Grand Slam singles results
- Australian Open: Q1 (2026)

Doubles
- Career record: 1–2 (at ATP Tour level, Grand Slam level, and in Davis Cup)
- Career titles: 0
- Highest ranking: No. 464 (28 October 2024)
- Current ranking: No. 1,270 (14 September 2026)

Team competitions
- Davis Cup: 0–1

= Henry Bernet =

Swiss tennis player (born 2007)

Henry Bernet (born 25 January 2007) is a Swiss professional tennis player. He has a career-high ATP singles ranking of No. 397 achieved on 13 July 2026 and a doubles ranking of No. 464 reached on 28 October 2024.

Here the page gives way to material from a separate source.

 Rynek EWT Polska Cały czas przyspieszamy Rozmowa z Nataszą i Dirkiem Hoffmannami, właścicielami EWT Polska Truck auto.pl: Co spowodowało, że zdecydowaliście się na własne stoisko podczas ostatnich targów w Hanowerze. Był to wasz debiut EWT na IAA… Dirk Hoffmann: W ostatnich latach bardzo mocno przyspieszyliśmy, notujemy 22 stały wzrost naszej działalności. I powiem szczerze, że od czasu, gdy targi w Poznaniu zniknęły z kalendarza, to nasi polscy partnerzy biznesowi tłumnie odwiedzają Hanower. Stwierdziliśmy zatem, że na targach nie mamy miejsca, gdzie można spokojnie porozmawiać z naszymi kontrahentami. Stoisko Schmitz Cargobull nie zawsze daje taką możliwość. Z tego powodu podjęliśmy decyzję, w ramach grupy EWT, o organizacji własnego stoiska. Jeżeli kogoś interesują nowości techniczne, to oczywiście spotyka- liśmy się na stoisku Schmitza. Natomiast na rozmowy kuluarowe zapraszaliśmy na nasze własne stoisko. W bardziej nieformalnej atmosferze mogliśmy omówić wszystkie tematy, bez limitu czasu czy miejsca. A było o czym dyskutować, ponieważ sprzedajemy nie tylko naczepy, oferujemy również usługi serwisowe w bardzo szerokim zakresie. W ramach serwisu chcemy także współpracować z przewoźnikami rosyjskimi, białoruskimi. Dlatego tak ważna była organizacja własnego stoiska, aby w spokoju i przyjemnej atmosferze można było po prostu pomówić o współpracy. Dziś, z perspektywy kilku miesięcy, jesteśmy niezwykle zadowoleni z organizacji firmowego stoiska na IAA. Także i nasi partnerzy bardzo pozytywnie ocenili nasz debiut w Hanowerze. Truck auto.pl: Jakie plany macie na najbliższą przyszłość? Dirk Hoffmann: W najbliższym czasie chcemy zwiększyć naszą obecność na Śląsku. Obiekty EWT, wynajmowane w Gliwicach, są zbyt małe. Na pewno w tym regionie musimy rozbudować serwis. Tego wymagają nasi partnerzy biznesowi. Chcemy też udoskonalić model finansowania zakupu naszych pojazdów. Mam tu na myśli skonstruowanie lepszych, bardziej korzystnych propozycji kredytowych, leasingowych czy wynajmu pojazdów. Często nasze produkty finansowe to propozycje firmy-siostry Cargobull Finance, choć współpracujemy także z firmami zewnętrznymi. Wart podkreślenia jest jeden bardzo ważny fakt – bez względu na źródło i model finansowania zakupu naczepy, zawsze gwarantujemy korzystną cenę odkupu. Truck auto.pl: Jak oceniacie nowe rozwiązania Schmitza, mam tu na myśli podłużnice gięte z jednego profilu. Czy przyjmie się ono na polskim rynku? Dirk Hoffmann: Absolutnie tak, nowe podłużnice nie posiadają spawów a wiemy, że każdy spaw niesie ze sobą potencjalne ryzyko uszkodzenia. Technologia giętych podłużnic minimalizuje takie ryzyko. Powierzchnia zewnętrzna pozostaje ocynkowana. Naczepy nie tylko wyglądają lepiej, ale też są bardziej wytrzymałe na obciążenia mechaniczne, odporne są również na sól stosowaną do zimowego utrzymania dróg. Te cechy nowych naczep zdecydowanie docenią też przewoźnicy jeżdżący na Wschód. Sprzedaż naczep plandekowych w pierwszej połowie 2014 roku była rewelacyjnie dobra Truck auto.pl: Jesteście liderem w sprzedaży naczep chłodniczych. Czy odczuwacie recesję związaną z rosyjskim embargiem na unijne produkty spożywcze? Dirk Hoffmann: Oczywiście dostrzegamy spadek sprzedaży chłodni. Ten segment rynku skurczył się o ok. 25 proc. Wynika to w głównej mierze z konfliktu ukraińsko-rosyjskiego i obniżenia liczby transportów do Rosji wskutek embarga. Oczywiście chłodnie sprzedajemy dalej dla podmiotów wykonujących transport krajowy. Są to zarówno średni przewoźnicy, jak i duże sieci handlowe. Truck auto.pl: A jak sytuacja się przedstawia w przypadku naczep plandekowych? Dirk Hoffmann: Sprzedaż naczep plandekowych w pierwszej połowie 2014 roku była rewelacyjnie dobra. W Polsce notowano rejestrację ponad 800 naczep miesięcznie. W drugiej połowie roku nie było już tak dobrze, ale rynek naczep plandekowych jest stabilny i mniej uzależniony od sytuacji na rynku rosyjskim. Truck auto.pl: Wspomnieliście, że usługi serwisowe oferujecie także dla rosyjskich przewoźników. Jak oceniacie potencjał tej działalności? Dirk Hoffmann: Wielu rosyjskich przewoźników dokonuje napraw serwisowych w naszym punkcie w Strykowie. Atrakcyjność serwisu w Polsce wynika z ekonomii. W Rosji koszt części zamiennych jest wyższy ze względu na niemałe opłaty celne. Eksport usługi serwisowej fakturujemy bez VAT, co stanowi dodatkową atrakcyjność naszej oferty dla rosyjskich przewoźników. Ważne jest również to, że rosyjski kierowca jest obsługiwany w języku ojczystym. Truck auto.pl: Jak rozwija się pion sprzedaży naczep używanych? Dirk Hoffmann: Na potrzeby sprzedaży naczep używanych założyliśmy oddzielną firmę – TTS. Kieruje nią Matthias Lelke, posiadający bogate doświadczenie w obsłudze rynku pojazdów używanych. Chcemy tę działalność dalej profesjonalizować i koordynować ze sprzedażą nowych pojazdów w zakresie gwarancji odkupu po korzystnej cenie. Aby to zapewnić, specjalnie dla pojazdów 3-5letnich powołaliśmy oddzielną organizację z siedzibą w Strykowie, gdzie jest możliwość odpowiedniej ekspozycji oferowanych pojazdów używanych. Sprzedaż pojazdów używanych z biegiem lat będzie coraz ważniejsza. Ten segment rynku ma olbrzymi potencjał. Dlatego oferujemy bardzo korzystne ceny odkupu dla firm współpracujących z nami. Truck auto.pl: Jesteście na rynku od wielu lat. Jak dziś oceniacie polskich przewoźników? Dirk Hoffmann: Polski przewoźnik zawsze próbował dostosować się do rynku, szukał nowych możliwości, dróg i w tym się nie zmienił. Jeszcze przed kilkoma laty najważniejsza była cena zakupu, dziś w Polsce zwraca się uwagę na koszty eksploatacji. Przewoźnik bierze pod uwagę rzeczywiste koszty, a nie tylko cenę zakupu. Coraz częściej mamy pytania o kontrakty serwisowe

Bernet won the boys' singles title at the 2025 Australian Open. He represents Switzerland at the Davis Cup, where he has a W/L record of 0–1.

==Early life==
Bernet was born in Basel to father Robert and mother Michèle. He has a brother, Louis, and a sister, Amy. He began playing tennis at the age of four, introduced to the sport by his brother. He also played youth football with BSC Old Boys and FC Basel. In tennis, he represented TC Old Boys, of which his aunt, Marianne Bernet, is the club president. In 2022, he moved to Biel to train at the Swiss Tennis National Tennis Center under coach Kai Stentenbach.

==Junior career==
Bernet had successful results on the ITF junior circuit, maintaining a 106–38 singles win-loss record. In May 2022, he won the J5 event in Jönköping, Sweden after defeating top seed Saba George Nanobashvili in the final. In July, he was selected to represent Switzerland at the 2022 European Youth Summer Olympic Festival. Later that year, he won the J4 event in Rhodes, Greece and both the singles and doubles titles at the J5 event in Leimen, Germany.

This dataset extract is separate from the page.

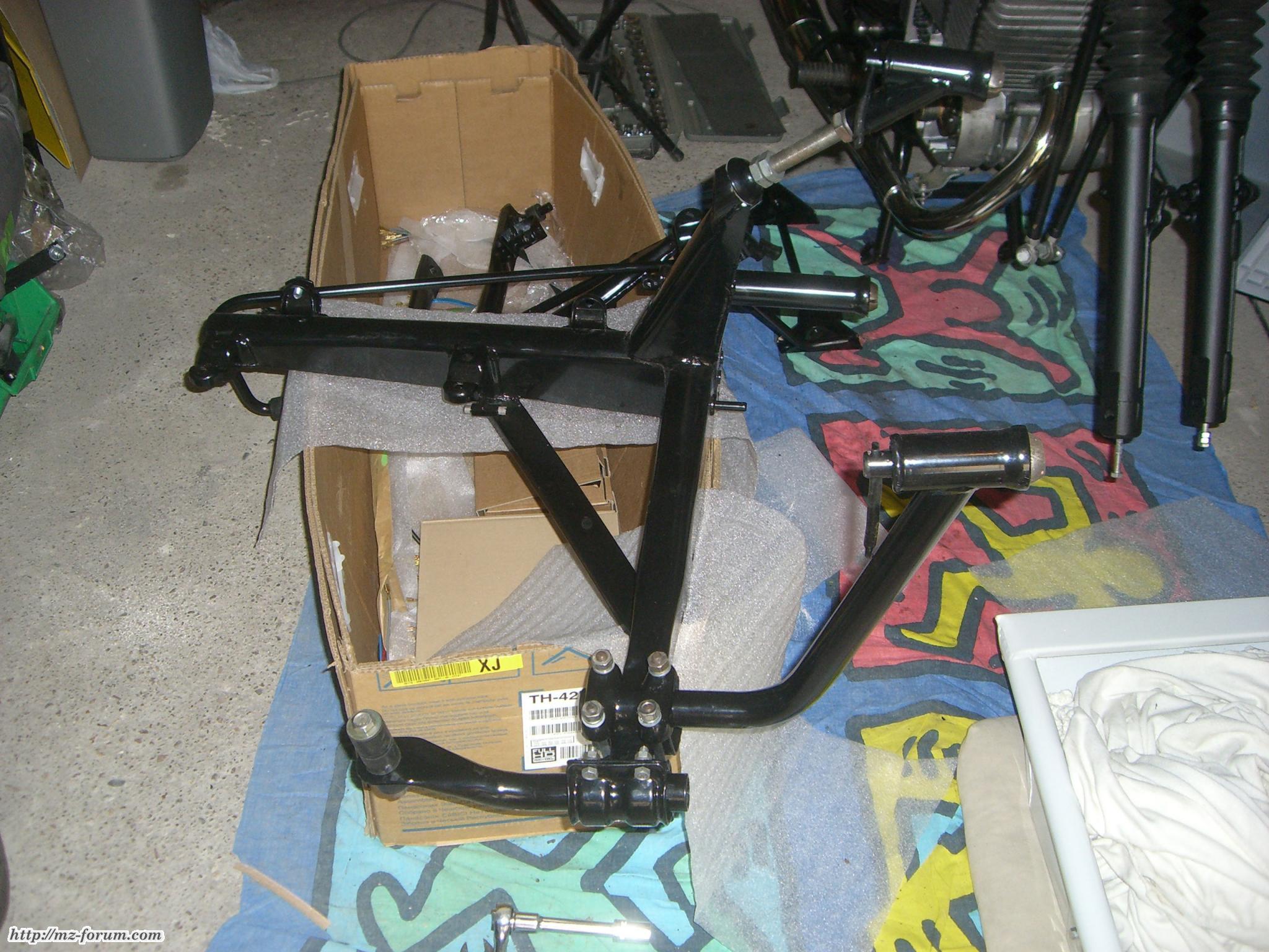 fahrbereit, fahrbereit, regenerierter Bremssattel, defekte Bremse, immer noch ein Zweirad, erstmal ein Zweirad, Beiwagenrahmen, verheiratet, erste Blechteile, erste Erfolge, frisch gepulvert, zerlegt ist schnell, zurückgeholt!

In January 2023, Bernet won the J100 Salk Open in Bromma, defeating top seed Albert Saar in the final. In May, he and partner Tymur Bieldiugin won the doubles title at the J200 Panaceo ITF Junior Cup in Villach, Austria. In August, he reached the final of the J200 Baublies Jugend Cup in Renningen-Rutesheim, but lost to wildcard Tom Sickenberger. The following month, he reached the semifinals of the U16 Tennis European Junior Championships in singles and won the doubles title with compatriot Flynn Thomas.

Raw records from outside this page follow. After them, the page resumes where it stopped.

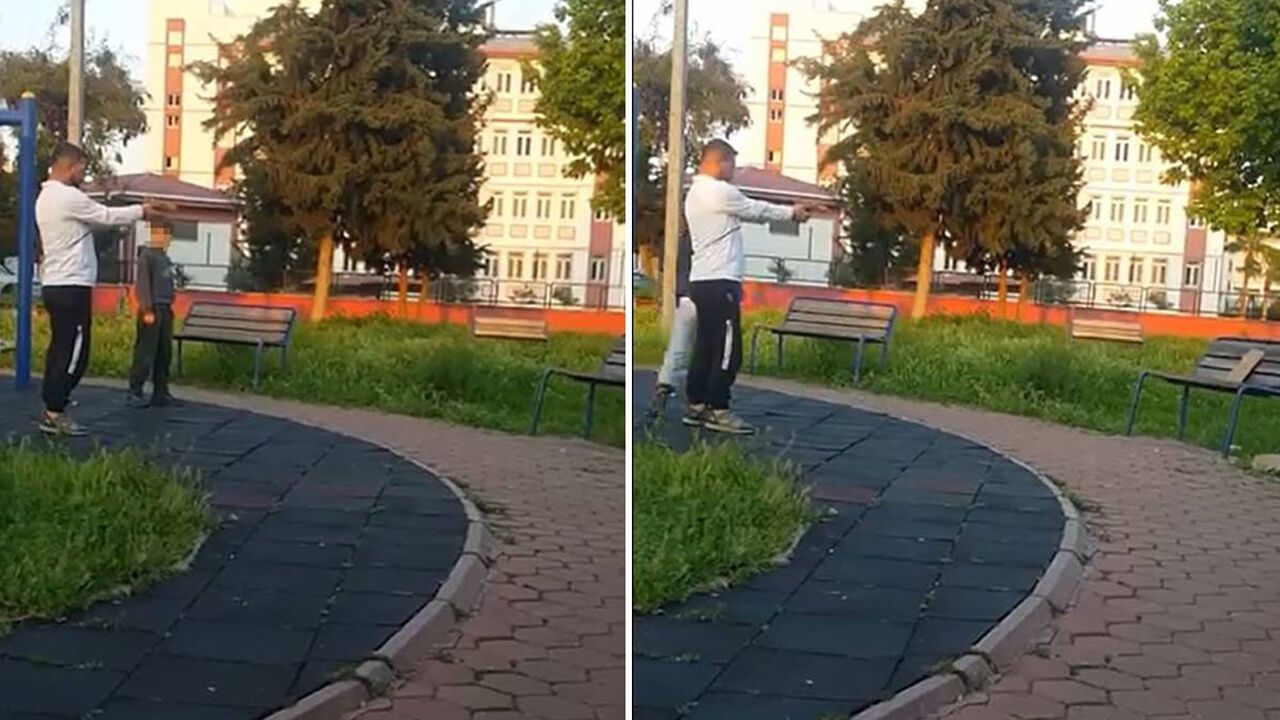 Şanlıurfa ve Kahramanmaraş'taki okul saldırıların yarattığı sarsıntıya Adana'dan gelen görüntü tuz biber ekti. Parkta oyuncak silahla atış talimi yapan çocuk ile onu yönlendiren kişi cep telefonu kamerasına yansıdı.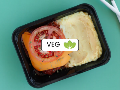 Batata roxa, Burger Heura, polpa de tomate, leite de soja, cebola, cenoura, Violife cheddar vegano, gordura vegetal, aipo, azeite, alho, orégãos, manjericão, noz-moscada.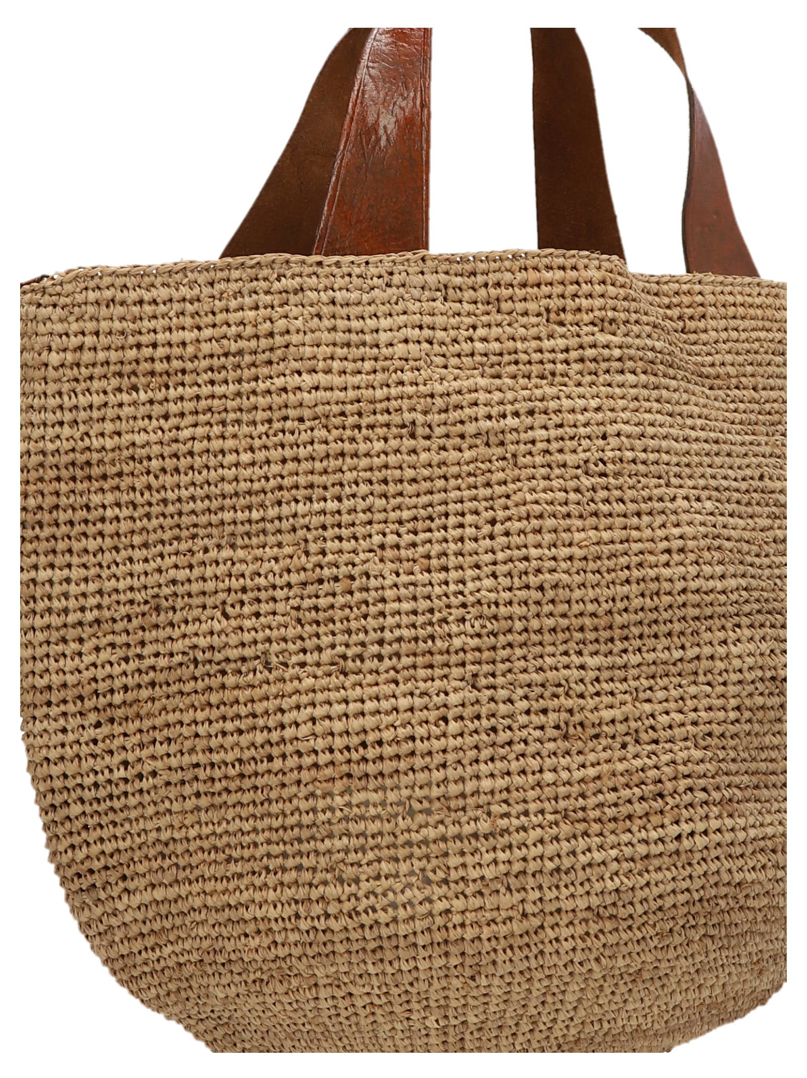 «Mirozy» тоқылған рафия сөмкесі, себет дизайны, жартылай мақтадан жасалған, баулы астар, қос бекітілген тұтқалар және көкөніспен өңделген зебу былғарысынан жасалған алынбалы иық бауы. Қолдан жасалған өнім, кез келген кемшіліктер бірегей сипаттамалар болып саналады.

In January 2024, he reached the final of the J200 Slovak Junior Indoor event in Bratislava, but lost to top seed Denis Peták. In April, he reached the final of the J300 Tournoi de Tennis ITF Junior in Beaulieu-sur-Mer, France but lost to Nicolai Budkov Kjær. The following month, he made his major jr. debut after qualifying for the French Open. In singles, he upset third seed Budkov Kjær in the first round and reached the quarterfinals, where he lost to eventual champion Kaylan Bigun.

In January 2025, Bernet won the J300 Traralgon International without dropping a set. He had his best result at junior-level later that month, when he lifted the boys' singles trophy at the Australian Open, having only dropped one set in his title run. He was the first Swiss player to win a junior singles title at the Australian Open and the sixth Swiss player to win a junior singles title at any major.

He reached an ITF junior combined ranking of world No. 1 on 26 May 2025.

==Professional career==
In August 2023, Bernet qualified for his first professional tournament at the M25 Muttenz Open, where he reached the second round.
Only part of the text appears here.